La bergeronnette, elle, elle dévie, devine qu’elle n’a pas forcément le choix. Les secondes s’évaporent mais les souvenirs sont toujours de plus en plus forts, de plus en plus épais et lourds. Chacun d’entre eux se démultiplie en pièces inutiles et perdues du puzzle qu’on s’efforce sans espoir d’y réussir à reconstituer.
Si l’on en possédait les morceaux intacts restitués chaque nuit aurait-on encore le besoin impératif d’écrire, d’annoter les bribes complétées d’un titre, préserver en elles un numéro magique, un chiffre mystérieux qui défriche jusqu’à la moindre parcelle embroussaillée des rêves, des histoires mobiles plus habiles à disparaître qu’à nous aider à cueillir une vérité?
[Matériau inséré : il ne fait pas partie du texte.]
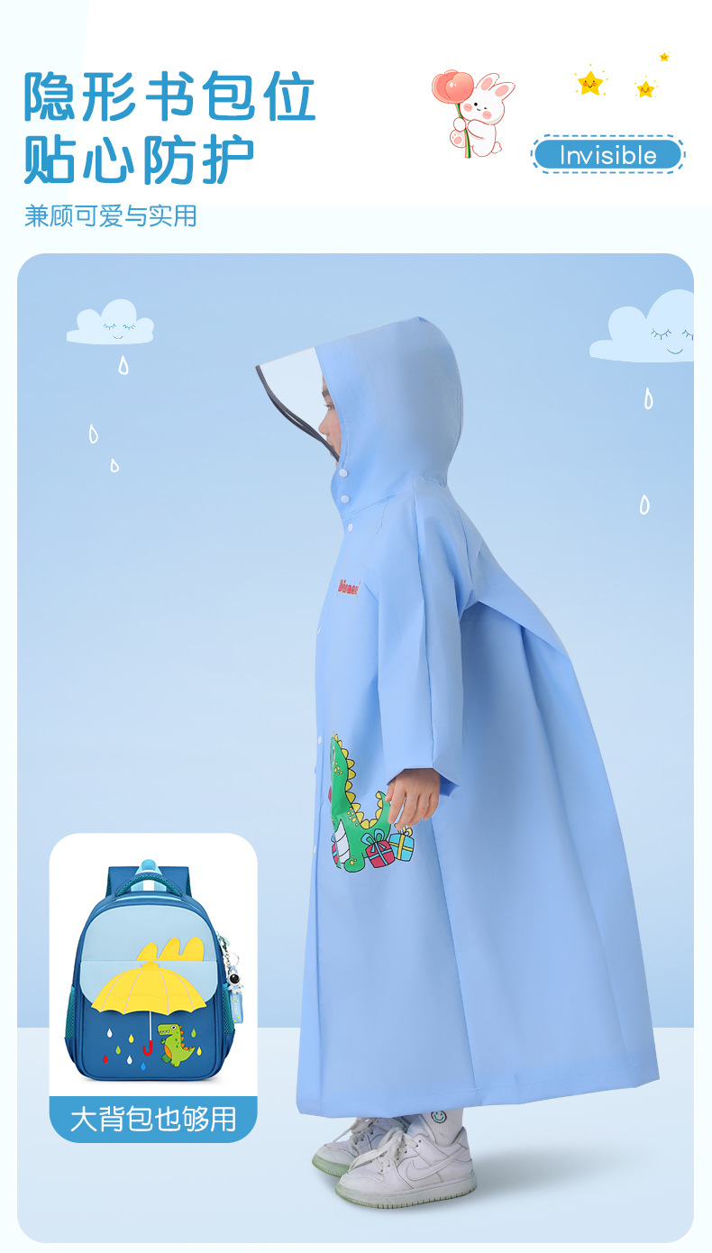 【上学专用❗️卡通萌趣儿童雨衣】多层防渗水保障,折叠大书包位,面料很安全,妈妈放心选,男童女童女孩小学生幼儿园上学,加大加厚全身一体宝宝卡通雨披L

Aller jusqu’au bout de moi sans
avoir même le droit de penser
y parvenir
là faire une pause s’assoir sans
plus voir ici
aucune jambe malade
regarder
comparer l’infini
gardé en mémoire
partout des voies ourlées par les vagues
dessinent aux
certitudes volcaniques du jeu qu’est la durée
des corps des visages de statue
aller les ailes devenues un fardeau
sur les chemins d’un retour
sans parvenir à joindre ses pas
à leurs empreintes
aller l’ombre entaillant l’espace qu’explore
inlassablement le soleil
Le chat s’était posé non loin de moi sous la tonnelle
afin de profiter d’un même brin d’air frais
alors que j’allais me mettre à écrire
est apparue calme décidée
une belette
comme pour marquer
entre l’exubérance affolée du jardin et la maison ouverte
un trait d’union
un trait vif d’une certitude
aiguisée
soudain le chat
la belette alors
a dessiné
un dernier trait
enchanté
entre le jardin et le ciel
entre ce que j’allais écrire et la réalité qui ne peut me rappelle-t-elle que s’échapper comme elle
le point final -mais serait-ce le dernier- je le pose comme un chat endormi
aux abords d’un rêve plus vrai que nature les souvenirs le soulignent et l’encerclent
avec de plus en plus d’insistance
petits yeux de jais fourrure de feu et de neige est-il possible que
l’animal
ait jamais eu l’intention de se défendre au lieu de fuir dans une faille entre deux rochers
Dans la baie de mon bras, la nuit est un chat. Pas encore noire, elle luit, bleuit, éclate, effleure, ronronne. La fourrure féline montre les formes sombres des rayures ou les déclinaisons magiques de taches presque rondes comme les astres. La nuit a des griffes rétractiles et une langue rose. Quand elle marche, elle ne fait pas le moindre bruit et parfois elle ose montrer l’endroit de son ventre où elle est blanche. La nuit apprivoise la patience en la reconnaissant du bout de la moustache tendue vers l’espace comme le pistil d’une fleur odorante.
La nuit morceau souple et soyeux de l’infini me regarde et me file un coup de patte si jamais je me penche plein de larmes vers son épaule. Son regard est celui de qui se nourrit de comètes et des miettes que laissent les étoiles derrière elles quand on croit qu’elles s’attrapent comme des souris.